The Hobbs-Cohen partnership went to work writing another grant to pay for a genetic screen that was quite expensive at the time. With the new funding, they ran the screen and identified the world’s first sequence variation contributing to the development of NAFLD. A substitution of one amino acid at position 148 of the PNPLA3 gene remains the most important sequence variation contributing to the condition, they say.

“I suspect partnerships are idiosyncratic to the people involved. I think ours works because we are very different. If we thought the same things in the same way, we wouldn’t need each other.”

The researchers found that while the gene variant is uncommon in African-Americans, 49 percent of Mexican-Americans have one variant in their two copies of PNPLA3 and 25 percent have two variants. Yet even in those with two copies of the variant gene, NAFLD doesn’t show up unless they are overweight. “Genotype isn’t the only thing. You have to have an increase in body weight,” Dr. Hobbs says. In one study, no one in the normal weight (body mass index below 25 kg/m²) group had NAFLD even if they had two copies of the gene variant while almost all of those considered obese (body mass index equal or greater than 30 kg/m²) had NAFLD, Dr. Hobbs says.

Sorting out the mechanism underlying these findings is taking many conversations, and they tend to spend the most time discussing experiments conducted in the Hobbs-Cohen laboratory with unexpected results, Dr. Cohen says.

“We balance each other well on every level: in our personalities, our scientific orientations, and in our strengths.
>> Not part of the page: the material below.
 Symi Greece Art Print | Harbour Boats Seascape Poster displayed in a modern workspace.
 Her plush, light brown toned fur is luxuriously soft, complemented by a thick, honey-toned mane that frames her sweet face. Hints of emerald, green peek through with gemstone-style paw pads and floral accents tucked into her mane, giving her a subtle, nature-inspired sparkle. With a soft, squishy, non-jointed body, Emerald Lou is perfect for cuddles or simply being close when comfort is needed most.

For example, I am better at making figures for papers and presentations, whereas he is better at writing,” says Dr. Hobbs, who holds the Eugene McDermott Distinguished Chair for the Study of Human Growth and Development, the Philip O’Bryan Montgomery, Jr., M.D. Distinguished Chair in Developmental Biology, and the 1995 Dallas Heart Ball Chair in Cardiology Research.
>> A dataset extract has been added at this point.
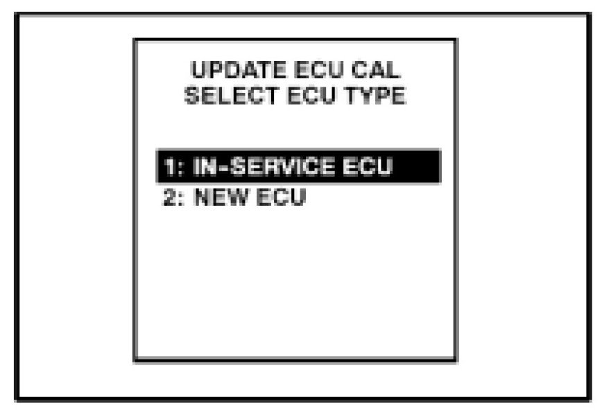 3. Select "1: IN--SERVICE ECU" from "UPDATE ECU CAL SELECT ECU TYPE" menu.

“I suspect partnerships are idiosyncratic to the people involved,” Dr. Cohen says. “I think ours works because we are very different. If we thought the same things in the same way, we wouldn’t need each other.”
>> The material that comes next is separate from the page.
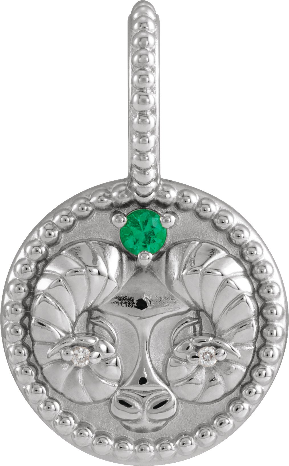 Sterling Silver Natural Emerald and .005 CTW Natural Diamond Aries Charm or Pendant Ref 19836105

“We can openly and honestly criticize each other’s thoughts, ideas, and interpretations of data. This approach allows us to think more expansively without always having to self-edit our thoughts. Plus, working together makes the whole process more fun. We both love science, talking about science, working out problems, and running a lab,” Dr. Hobbs says.

Dr. Goldstein, a Regental Professor, is Chair of Molecular Genetics and a Professor of Molecular Genetics and Internal Medicine. He holds the Julie and Louis A. Beecherl, Jr. Distinguished Chair in Biomedical Research and the Paul J. Thomas Chair in Medicine.

Dr. Brown, a Regental Professor, is Director of the Erik Jonsson Center for Research in Molecular Genetics and Human Disease, as well as a Professor of Molecular Genetics and Internal Medicine. He holds The W.A. (Monty) Moncrief Distinguished Chair in Cholesterol and Arteriosclerosis Research and the Paul J. Thomas Chair in Medicine.